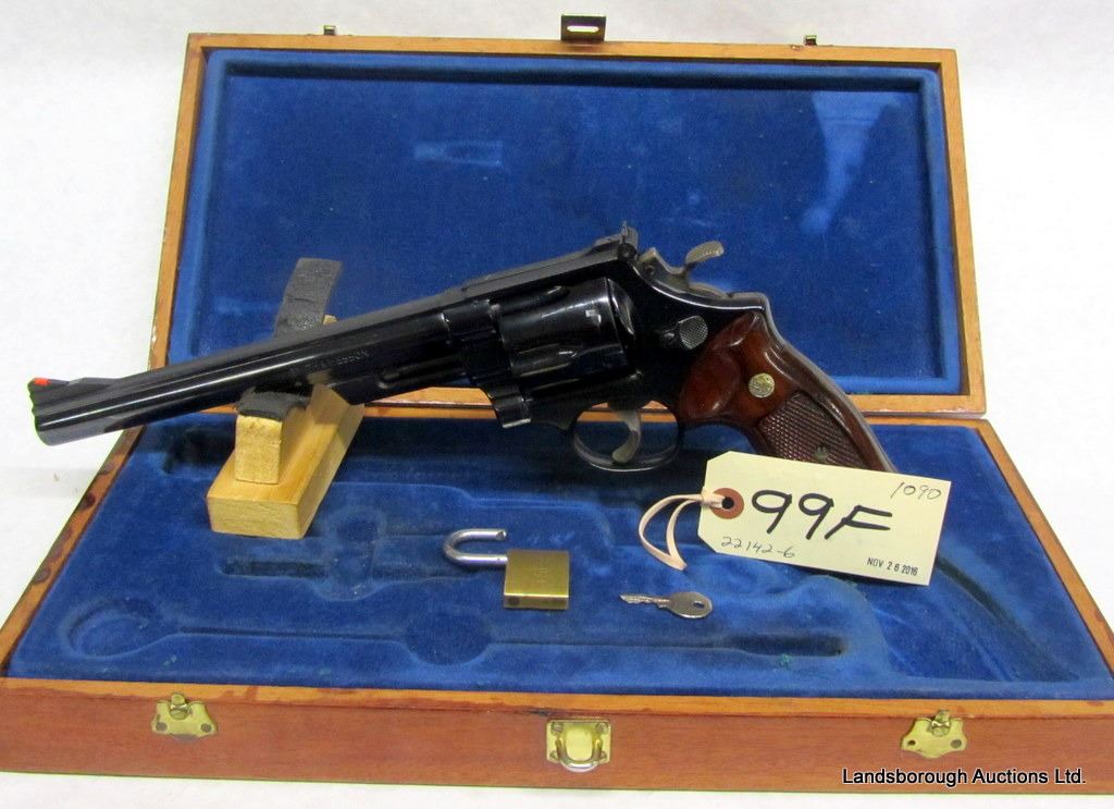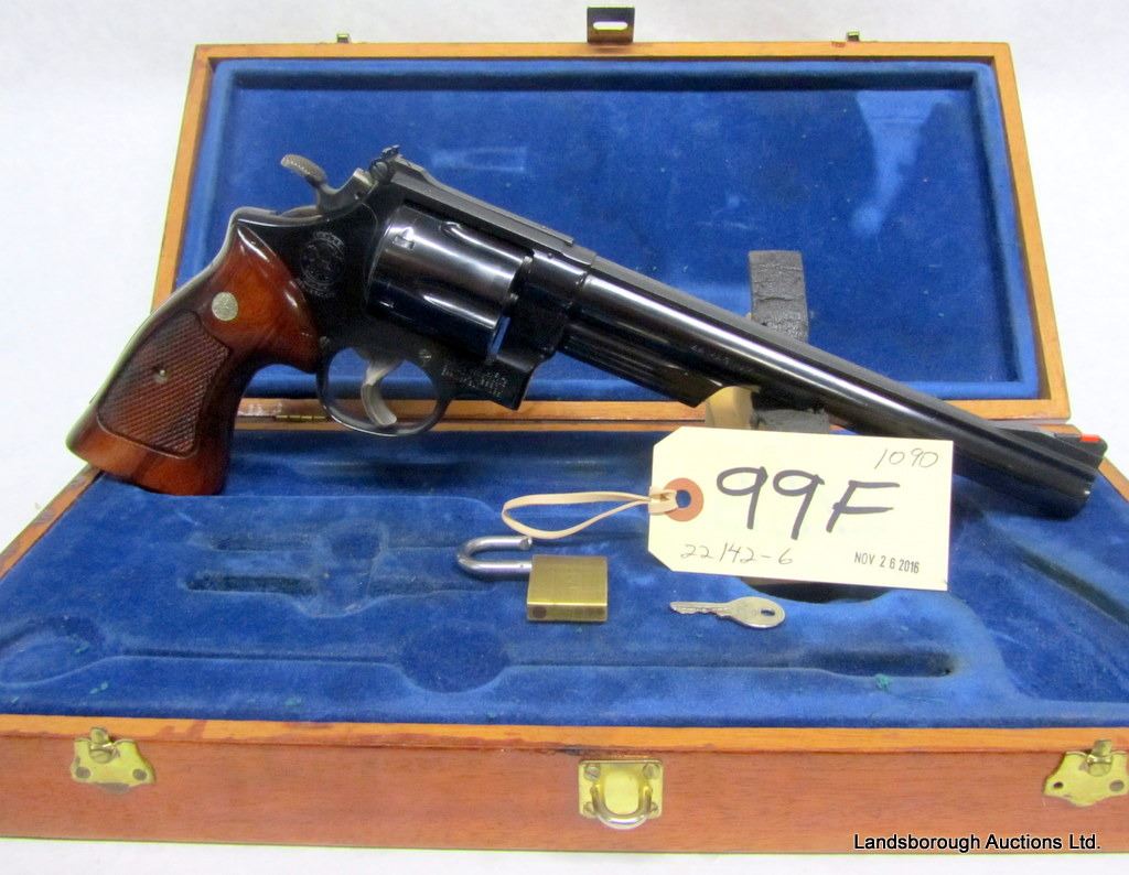 RESTRICTED, REVOLVER, 44 MAGNUM, 213MM BARREL, SN N336589. OTHER THAN A LITTLE WEAR AT MUZZLE, VERY GOOD CONDITION. COMES WITH LOCKABLE BOX.
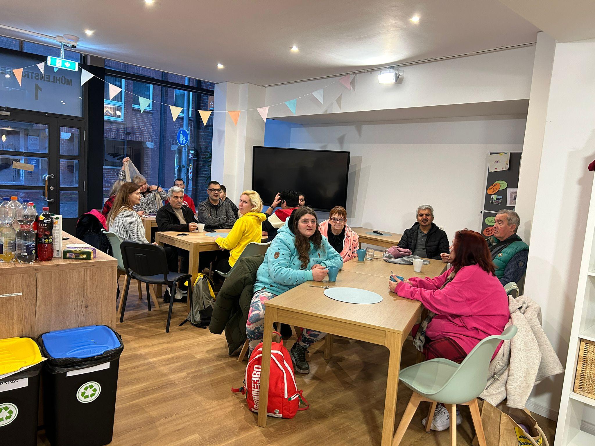 Der Bedarf, an einem zentral gelegenen, niederschwelligen Begegnungsort, der Vielfalt lebt und Ambiguitätstoleranz fördert, der gleichzeitig Raum zu Mitgestaltung gibt, ist also größer als je zuvor. Seit April 2023 sind wir aktiv im Quartier integrativer Nachbarschaftreff tätig. Das Projekt trägt dazu bei, das nachbarschaftliche Miteinander zwischen Menschen mit und ohne Migrationsgeschichte im Quartier sowie den Aufbau sozialer Netzwerke zu fördern. Die Besucher*innen begegnen sich bei uns in einer inklusiven Atmosphäre und auf Augenhöhe. Des Weiteren bieten wir den Anwohner*innen Raum für vielfältige nachbarschaftliche Initiativen zu geben und dabei eigene kleinere Projekte zu verwirklichen
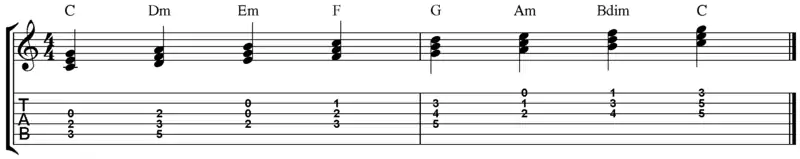 The guitar exercise below will allow you to quickly learn the chords of the C Major scale. For the Dm triad and Bdim triad use your little finger for the lowest note and for the lowest note of the last triad (C major octave) use your third finger.
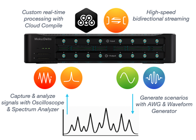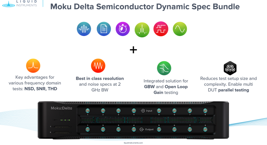 Example: Semiconductor From dynamic performance testing to parallel device evaluation, Moku:Delta brings speed and flexibility to demanding semiconductor test environments. Key Advantages • Best-in-class signal integrity — 0 Hz to 2 GHz bandwidth, low noise, high resolution (14-bit outputs, 14- & 20-bit blended ADCs) • Higher throughput — Multi-instrument Mode enables simultaneous testing on 8 input and 8 output channels • Faster development — standard APIs and flexible routing minimize test setup overhead • Lower costs — reduced fixturing, switching, and cabling in a compact, 2U rack-mountable chassis | |
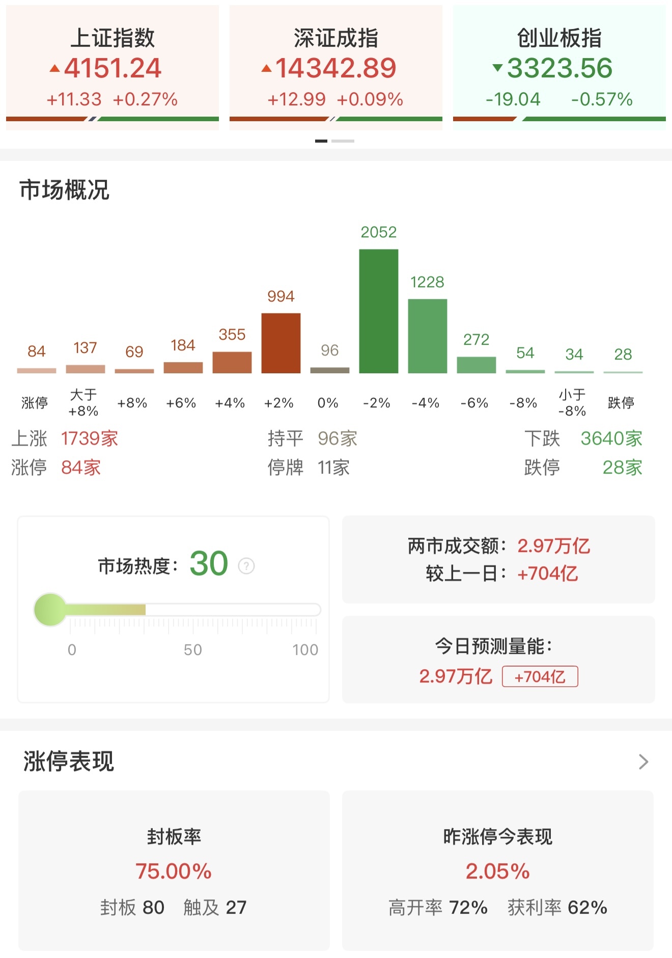 沪深两市当日成交总额达2.97万亿元,较前一交易日增加704亿元,市场交投活跃度有所提升。个股表现方面,全市场超3600只个股出现下跌,下跌个股数量占比较高。
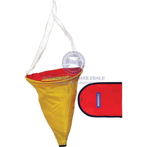 • The weighted drogue's flexible wire hoop springs open when removed from the pouch ready for an emergency.
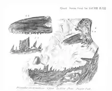 P. problematicus was also used as the designation for an incomplete chelicera discovered in the Welsh Borderland of western England by John William Salter in 1852 but is in modern times considered a nomen vanum ("baseless name") as the species is impossible to define. The fossil material with which it was described is undiagnostic and insufficient to establish any meaningful characteristics and as such many fragmentary pterygotid fossils have been referred to it throughout its long history, rendering it effectively synonymous with the family Pterygotidae. More often than not, these fragments consist of patches of pterygotid integument preserving the scale-like ornamentation characteristic of the group which researchers have wrongfully believed was characteristic of only Pterygotus or P. problematicus. As such ornamentation is known from every pterygotid genus it can not be used as a diagnostic feature of a single species. Though P. problematicus is the earliest name used for a species of Pterygotus, it is not considered the type species as the name is no longer in use. Instead P. anglicus, based on a number of diagnostic features and properly illustrated in its description by Agassiz in 1844, is considered the type species of Pterygotus.[11]
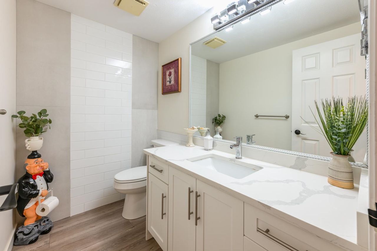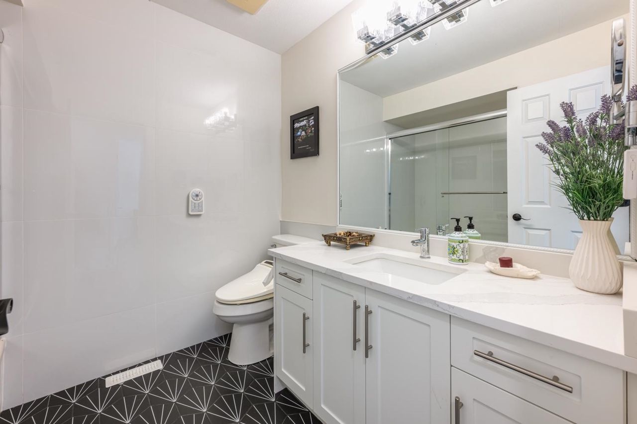 Fully Renovated Unit in the sought-after Lakewood Estates, one of the best complex's near Boundary Park! This 2 Level TH features a fantastic open-concept layout, $170K+ spent on renovation from top to bottom with new paint, laminate/hardwood flooring, lighting, SS Appliances/cabinets/quartz countertops & tile in the kitchen & bathrooms. Master ensuite boasts double sinks + bonus vanity, 2 ppl jacuzzi, steam shower with new doors/floors/marble tiles. Designer 3D Feature wall in staircase. BONUS Den on main floor, cozy fireplace & BEAUTIFUL backyard. Double garage with HUGE driveway space for at least 2 more cars. 55+ Age Restricted. But DON'T worry, your children and grandchildren can still sleep overnight for 30 days max within 1 year! Spouse <55 is permitted. Open House 2-4pm, Jan 28th

---*---

• What is expected: Using the data above, output the line that has "沪深两市当日成交总额达2.9", the line that has "for an emergency.", and whatever lines fall between, each exactly as it stands and without pictures.

• Exercise response:
 沪深两市当日成交总额达2.97万亿元,较前一交易日增加704亿元,市场交投活跃度有所提升。个股表现方面,全市场超3600只个股出现下跌,下跌个股数量占比较高。
 • The weighted drogue's flexible wire hoop springs open when removed from the pouch ready for an emergency.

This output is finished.